▶ [Problem statement]
Begin at the top of the entries below and write out every line through the one containing "While the first", excluding pictures.
== Record excerpts ==
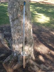 Jerome Robert of McKenna Arms, Argent, a bendlet between in chief a dexter mailed fist from the sinister grasping a cross botonny fitchy and in base a lymphad sails furled and oars in action all gules
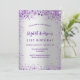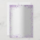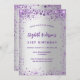 A girly and feminine 21st (or any age) birthday party invitation. On front: A trendy faux silver looking background. Decorated with dark purple and violet faux glitter, sparkles. Personalise and add a name, party details. The name is written with a hand lettered style script, purple coloured letters.
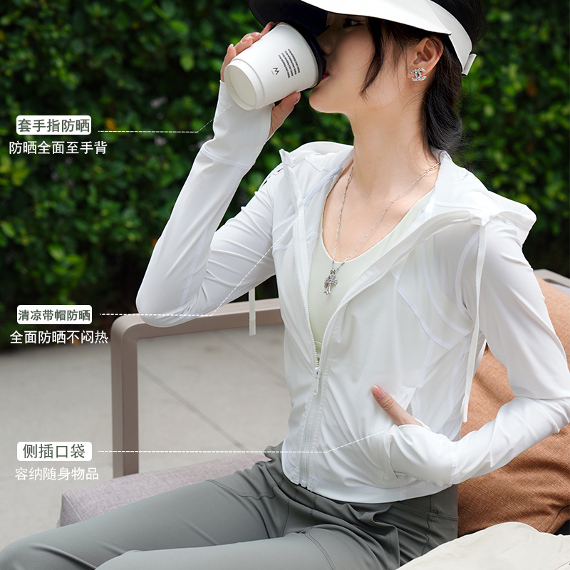 哈瓦塔(短款带帽)凉感抽绳速干防晒衣H350105
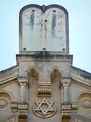 While the first synagogue was built in the Neoclassical style, the current one combines Romanesque and Byzantine Revival. While there are some elements of Oriental styles, it is not built in the Moorish Revival style that was popular for other synagogues at the time. There are two towers on the facade, similar to bell towers on church facades; some contemporary Jews criticised the design for looking too like a church, and refused to give over funding for the towers to be topped with bulbs. At the top of the facade there is a sculpture of the Tablets of Stone bearing the Ten Commandments.[3]
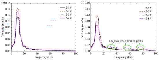 The peak frequency of workshop vibrations in the vertical direction caused by the road traffic was concentrated around 10 Hz. The vibration in this frequency range was attenuated with the vibration propagation from the first floor to the second floor in the workshop. The vibration of the second floor slab was affected by the excitation induced by the production equipment, which resulted in localized peaks in the frequency band above 20 Hz. FFT spectra of vibration velocity in the vertical direction at all locations of test section 2 # are shown in Figure 11.
===
▶ [Result for this exercise]
 Jerome Robert of McKenna Arms, Argent, a bendlet between in chief a dexter mailed fist from the sinister grasping a cross botonny fitchy and in base a lymphad sails furled and oars in action all gules
 A girly and feminine 21st (or any age) birthday party invitation. On front: A trendy faux silver looking background. Decorated with dark purple and violet faux glitter, sparkles. Personalise and add a name, party details. The name is written with a hand lettered style script, purple coloured letters.
 哈瓦塔(短款带帽)凉感抽绳速干防晒衣H350105
 While the first synagogue was built in the Neoclassical style, the current one combines Romanesque and Byzantine Revival. While there are some elements of Oriental styles, it is not built in the Moorish Revival style that was popular for other synagogues at the time. There are two towers on the facade, similar to bell towers on church facades; some contemporary Jews criticised the design for looking too like a church, and refused to give over funding for the towers to be topped with bulbs. At the top of the facade there is a sculpture of the Tablets of Stone bearing the Ten Commandments.[3]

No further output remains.